Charl apartó la mirada del brillo emitido por el navicomp desde el extremo más alejado de su tablero de mandos. Cuando al fin volvió a mirarlo y se fijó en qué punto de los mapas estelares se había detenido mientras su mente divagaba, su estado de ánimo se agrió todavía más.

-El sistema Orión. Evidentemente –El hogar, de nuevo en el espacio de la UEE… era su hogar físicamente, pero no emocionalmente. ¿Esos miles de recuerdos que todo el mundo tiene de su infancia? Todos los de Charl estaban en el sistema Orión. Papá dejándolos tirados en Armitage. Luego los incursores vanduul que arrasaron su hogar, no una, sino dos veces. Mamá y ambas hermanas perdidas. En sus recuerdos no había nada que le dejara algún vínculo con su hogar.
Charl se removió nerviosamente en la silla de piloto por un rato más, buscando cosas en las que atarearse, lamentándose inútilmente de su falta de fondos y trabajo reciente. Por último, se desabrochó el cinturón del asiento y fue flotando hasta su camarote (tenía la esperanza de que mantener apagadas las placas de gravedad de la nave le daría un par de días extra de energía) y luego se metió en su litera sujetándose a ella con los cierres velcro. Se quedó dormido esperando un milagro.

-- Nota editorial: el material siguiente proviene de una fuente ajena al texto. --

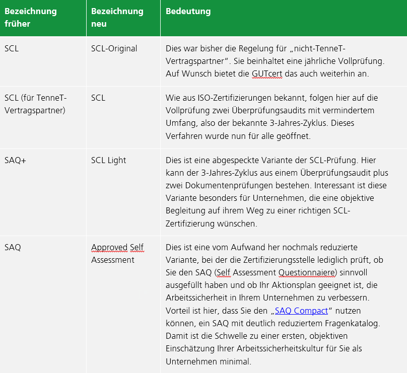 Da besonders TenneT SCL genutzt hat, um sich der Arbeitssicherheitskultur seiner Zulieferer zu versichern, gab es hier zum einen Sonderregelungen, zum anderen war für Außenstehende oft verwirrend, was die unterschiedlichen SCL-Bezeichnungen bedeuten. Hier wird SCL nun eindeutiger: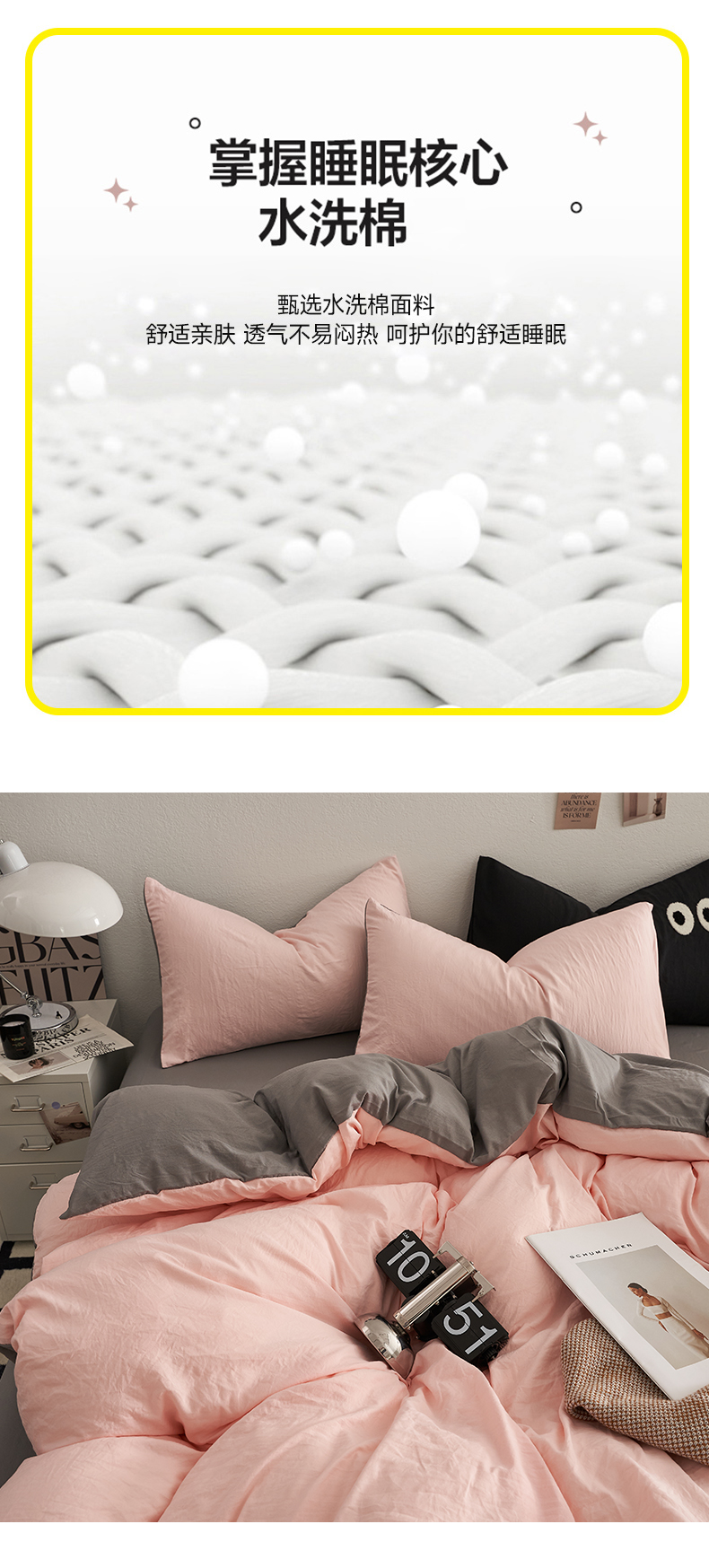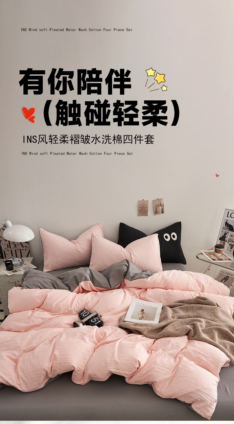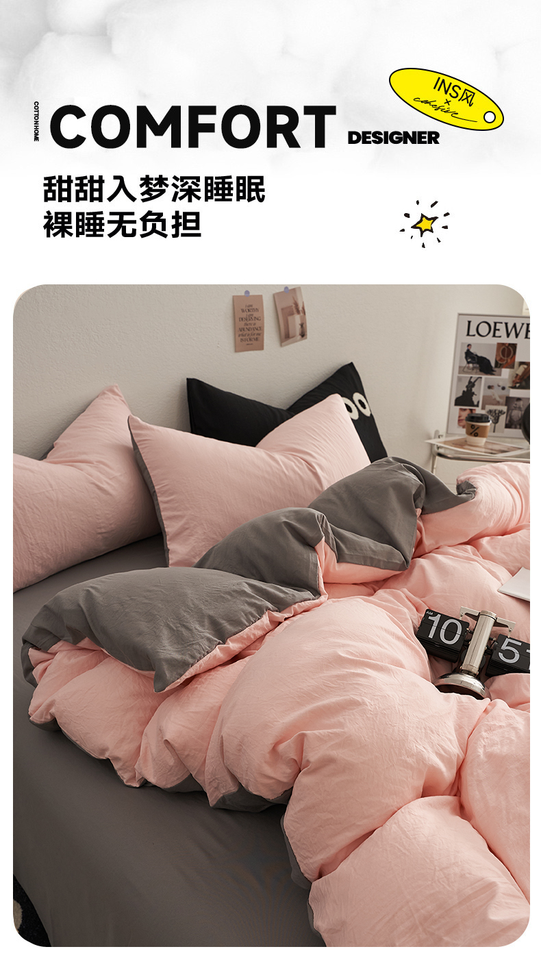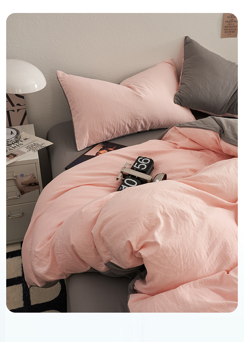 当前位置: 91家纺网 > 商品网购 > 床品套件 > 四件套 > 水洗棉四件套 > 卡迪熊家纺 2024新款ins风超柔褶皱亲肤磨毛水洗m四件套双拼系列 浅粉灰

Su milagro llegó mientras dormía, en forma de un nuevo mensaje en la bandeja de entrada de su repetidor de comunicaciones.

-Genial –refunfuñó Charl-. ¿A quién más le debo dinero? –tocó la pantalla para tener más datos.

-¡Lyshtuu! –Charl contuvo el aliento y se permitió disfrutar de una cautelosa sensación de esperanza. Tocó con cuidado la pantalla para reproducir el mensaje grabado, haciendo una mueca como si el mensaje pudiera alargar un brazo y abofetearle en la cara.

El semblante extraño pero familiar de Lyshtuu apareció en la pantalla. ¿Cuándo había sido la última vez que el mercader banu se había puesto en contacto con él? ¿Dos años estándar? ¿Más? El banu había cambiado muy poco. ¿Y por qué debería? Al fin y al cabo, los banu son a efectos prácticos inmortales.

-Charl-Grissom –empezó a decir Lyshtuu, con su aparato bucal no humano esforzándose por pronunciar palabras humanas. Los banu y los humanos se parecían, pero seguían siendo lo suficientemente diferentes como para que el habla banu sonara de forma extraña. Pero Charl tenía el oído lo bastante acostumbrado como para entenderla sin dificultad. Lyshtuu siempre le había caído especialmente bien, a pesar de que cuando éste decía el nombre completo de Charl, siempre lo pronunciaba como si fuera una sola palabra.

-Charl-Grissom, se solicita relación contigo. Mi solicitud es tener tu relación realizada para otra vez. Es decir, de nuevo. Estoy solicitando una relación renovada con Charl-Grissom –Charl entendió el significado. El lenguaje humano solía ser más rápido que la mayoría de idiomas humanos, por lo que Lyshtuu solía hablar de forma atropellada a pesar de la sugerencia de Charl de que procurará hablar lento y con un ritmo pausado.

-Charl-Grissom, una renovación de relación es deseable para mí, Lyshtuu, una relación… -prosiguió el banu mientras Charl meneaba la cabeza.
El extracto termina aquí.